The case for Palestinian statehood
At the recent UN Security Council meeting, the Palestinians placed a bid to be recognised as a state. This is a remarkable moment in Palestinian history, and is a promising step towards actual fruition. To me, there is no debate or uncertainty about the legitimacy or judiciousness of the bid: Palestine has every right to be recognised as an independent state and should be treated as such by a body aimed at facilitating peace and international relations. Why then are Barack Obama and his cronies, as well as major American media organisations, condemning the bid? The answer is simple: they’re afraid.
Obama is aware that he needs Jewish support in America to secure re-election next year, so backing the Israelis in their attempt to prevent Palestine’s statehood is of fundamental political importance to him, particularly now as Obama has seen a significant drop in his popularity in Democratic, Jewish communities.
The Wall Street Journal in America has claimed that the bid is “another tool in [the Palestinians’] perpetual campaign to harass, delegitimise and ultimately destroy Israel.” The Palestinians are not harassing or delegitimising Israel by asserting their own right to existence. The majority of us hoping for peace between Israel and Palestine look forward to the creation of a “two-state solution”.
Why then, block a move clearly aimed at marking out both of the states? The Palestinian leader Mahmoud Abbas outlined what Palestinian statehood would mean for Israel during his address to the Security Council. The borders would be based broadly upon the 1967 agreement, which followed the Six Day War. The Israeli government has argued that “the only way to achieve a Palestinian state and peace is through direct negotiations” and, to no-one’s surprise, that is exactly the stance that Obama has taken.
Why should Palestine gaining statehood prevent negotiations from going ahead? The acceptance of Palestine’s existence should not be conditional. Israel and the USA are effectively attempting to give Palestine an ultimatum on a matter that should not be theirs to dictate.
In any case, the Israeli Prime Minister, Benjamin Netanyahu, has made no serious attempt to encourage negotiations in recent years. He has refused to accept that Jerusalem should be a shared capital and has also voiced concerns about territory being based upon the agreements made in 1967. This is not to say that the Israelis are more at fault than the Palestinians, or that Abbas and his government have their peace-making attempts thwarted by Netanyahu. It is just that it does not seem that successful negotiations are just around the corner.
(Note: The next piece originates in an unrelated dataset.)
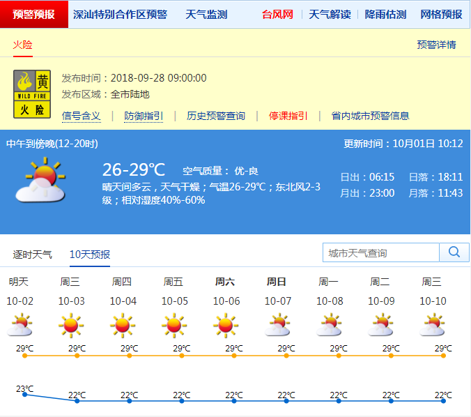 深圳新聞網訊 市氣象臺預測,國慶假期,深圳天氣平穩(wěn),大致晴朗干燥,氣溫波動不大,但火險氣象風險高,需注意森林防火和家居用火安全,早晚沿海和高地易出現6-7級陣風。

It could also be argued that accepting Palestine as a state could actually aid the progress of peace talks. Extremist Palestinian groups, Hamas in particular, have perpetually denied Israel’s existence. By concretely adopting the 1967 settlement agreement the Palestinian government would be implicitly accepting Israel’s existence and would be therefore, whether intentionally or not, progressing towards a two-state solution.
I’m not blindly pro-Palestine and can certainly identify with the Israelis in terms of their concerns about Arab animosity.
However, Palestine should be accepted as a state and I hope that the US’s choice to veto the bid will not obstruct the cause in too damaging a way.